WHAT YOU WILL DO -
Please copy every line of the records below that holds the word "Nysanie".

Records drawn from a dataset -
▬▬▬

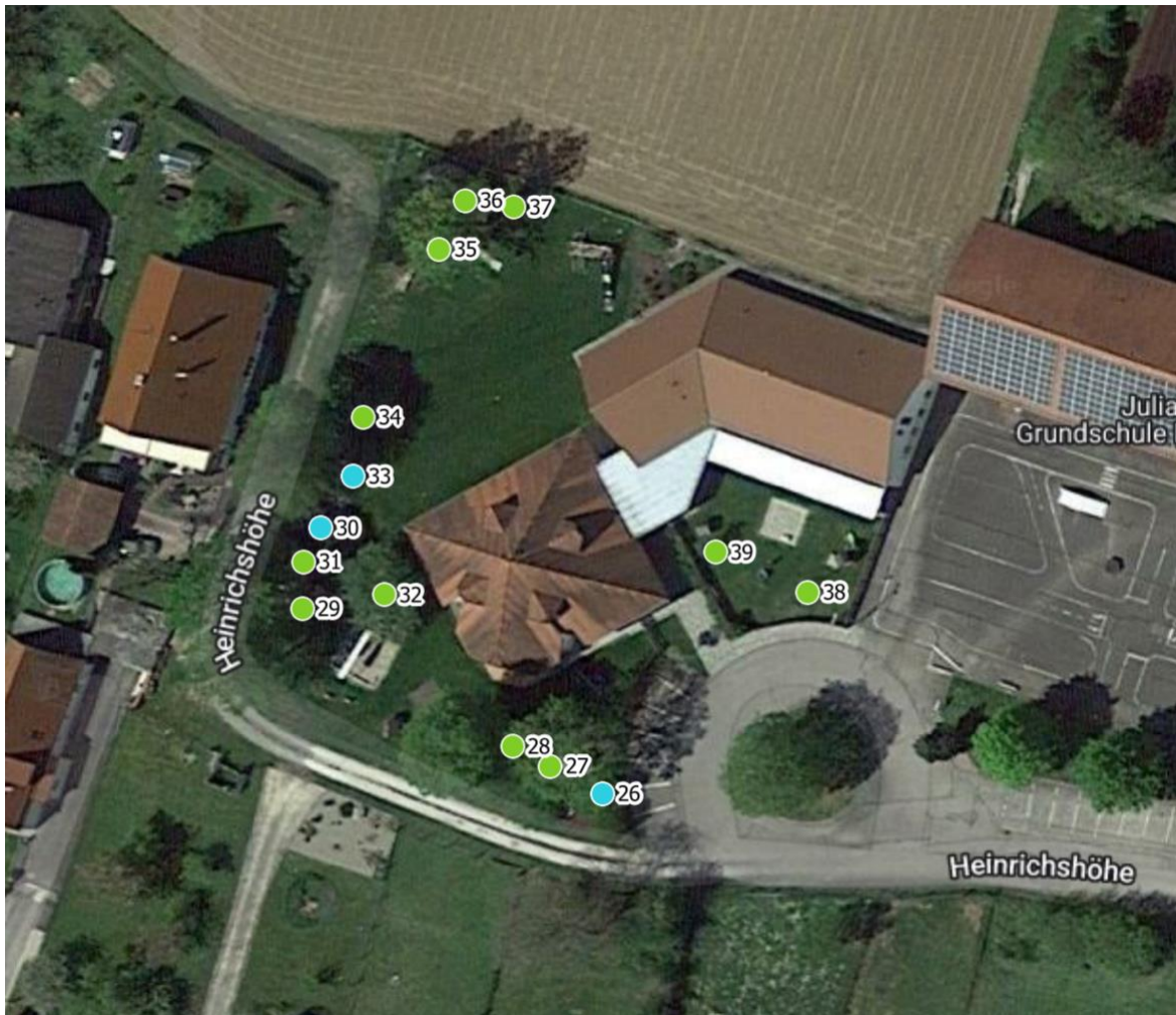
Luftbild 2: Kindergarten Heinrichshöhe 7, 86688 Marxheim Flnr. 487/1
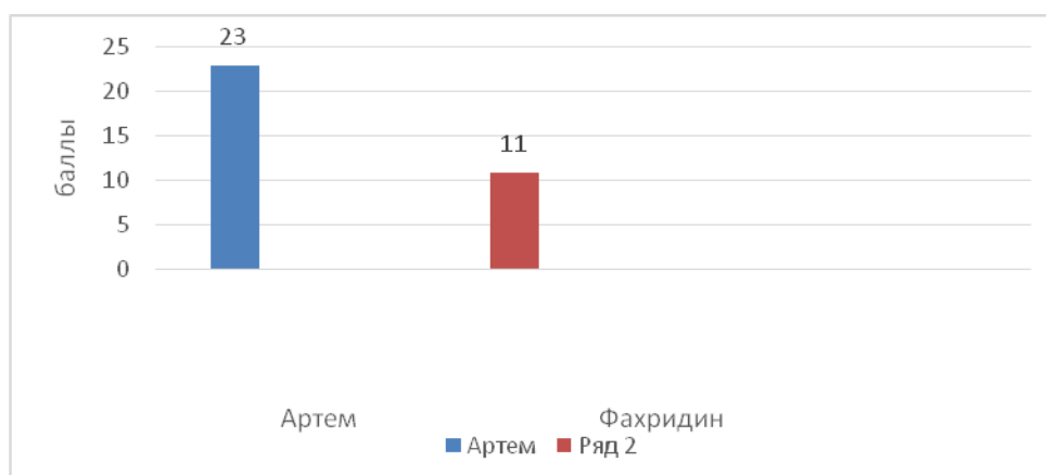
Рис.2. Уровень сформированности проектных навыков обучающегося с нормативным развитием и инклюзируемого обучающегося с задержкой психического развития. Итоги индивидуальной беседы констатирующего эксперимента

Из приведенной выше таблицы 4 видно, что обучающегося с нормативным развитием можно отнести в группу актуального развития навыка, а инклюзируемый обучающийся вновь относится к группе низкого уровня развития проектных навыков.
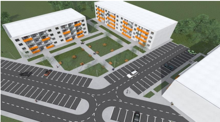
Stambeni objekat Donja Gorica

U Podgorici , na lokaciji Donja Gorica, teku radovi na izgradnji stambenog kompleksa od 108 stanova za prosvjetne radnike.
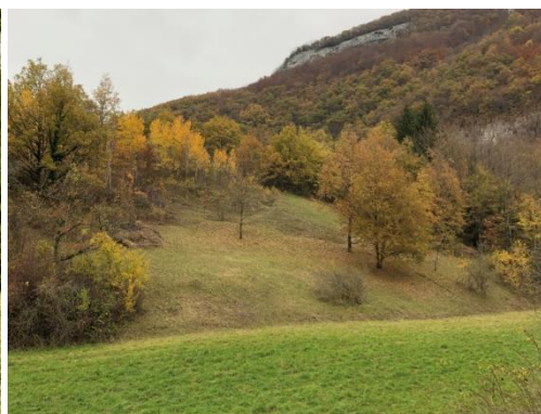
Coteaux des Vignes St Martin avant et après travaux
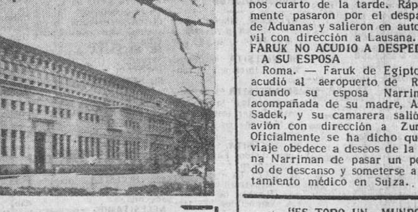
NUOVO CENTRO UNIVERSITARIO Paris. — En Bourges ha sido inaugurado por el ministro francés de Educación Nacional, este magnífico edificio, destinado a residencia femenina, con capacidad para 300 estudiantes y que servirá de internado para los universitarios extranjeros que acuden a París durante las vacaciones.

«ES TODO UN MUNDO EL QUE HAY QUE REHACER URGENTEMENTE DESDE SUS CIEMIENTOS». Pío XII El Seminarista, futuro sacerdote de Cristo es la esperanza de una edad mejor. El Seminario, la raíz del bien
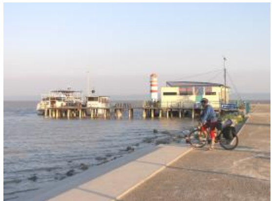
Mateno en la haveno

Vekiĝo sabate frumatene estis denove sub reĝisorado de kuloj. Blasfemantajn dormantojn ili eldormsakigis jam antaŭ la kvina horo. Montriĝis, ke kuloj faris al la biciklistoj bone, ĉar tuj post la eldormsakiĝo komenciĝis priŝprucado de herbejo. Akvo fluis rekte al dormolokoj. Mateno estis
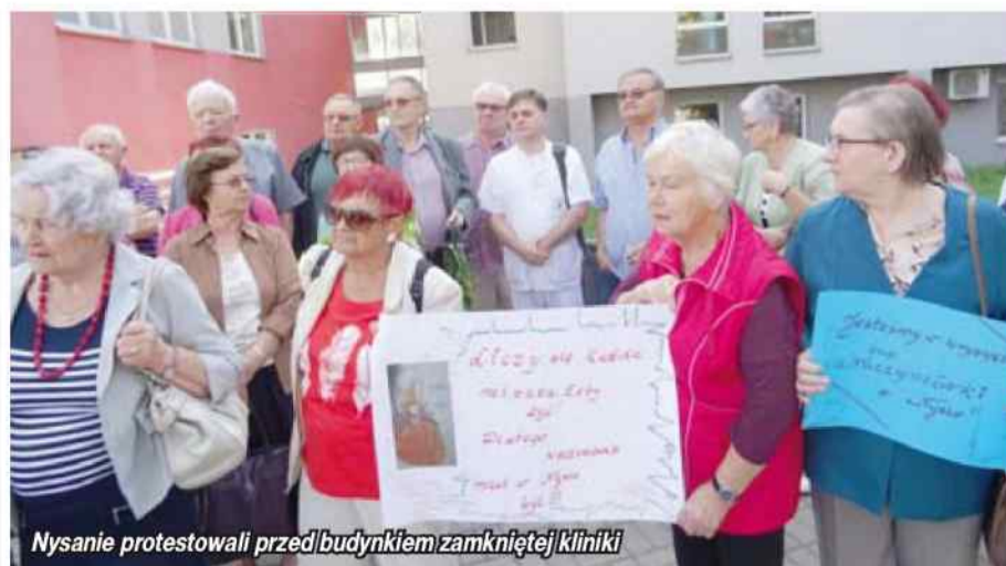
Nysanie protestowali przed budynkiem zamkniętej kliniki

Nysanie ze związku emerytów oraz związku diabetyków domagają się uruchomienia chirurgii naczyniowej Polsko - Amerykańskich Klinik Serca. Nowy obiekt, z nowoczesną salą operacyjną, stoi zamknięty od dwóch lat bo opolski NFZ nie chce podpisać kontraktu.
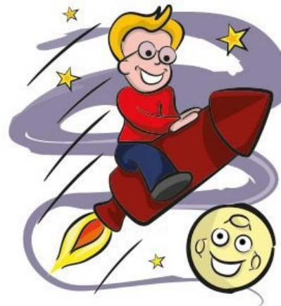
'Over the moon.'
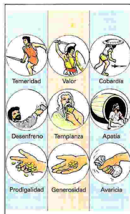
B La virtud ética está en el medio entre dos extremos falsos.

Aristóteles distingue dos tipos de virtudes en el ser humano: morales (éticas) e intelectuales (dianoéticas). Entre las intelectuales cita la prudencia ( phrónesis ), que es la virtud del hombre sensato; y la sabiduría
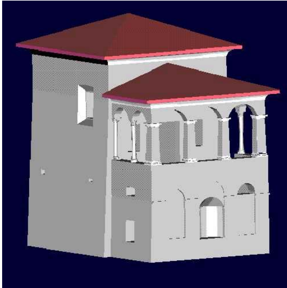
Cappella I, Il Martirio di Sant'Eusebio, modello tridimensionale.
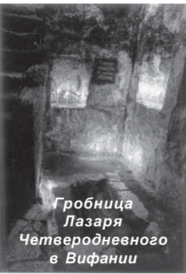
Гробница Лазаря Четверодневного в Вифании

Обессилевшего кашалота добили и пришвартовали к судну. Одно китобой кашалот убил, один - Джеймс Бартли - исчез. Два часа продолжа-
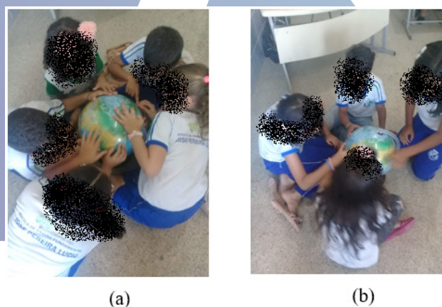
Figura 3 – Um passeio pela África

Posteriormente solicitamos a ilustração da capa do livro (o mais próximo que pudessem chegar da imagem original), com o intuito de observar se ainda haveria uma rejeição acerca da cor da pele da personagem. Em seguida adentramos na Geografia. Nesse momento, fomos em busca de conhecer alguns países africanos. Realizamos um “passeio” pela África. Os estudantes exploraram o mapa mundi (globo) encontraram a África e seus 56 países, em seguida pintaram o mapa da África e colaram no caderno, como se observa a partir da figura 3.

▬▬▬

TASK RESULT -
Nysanie protestowali przed budynkiem zamkniętej kliniki
Nysanie ze związku emerytów oraz związku diabetyków domagają się uruchomienia chirurgii naczyniowej Polsko - Amerykańskich Klinik Serca. Nowy obiekt, z nowoczesną salą operacyjną, stoi zamknięty od dwóch lat bo opolski NFZ nie chce podpisać kontraktu.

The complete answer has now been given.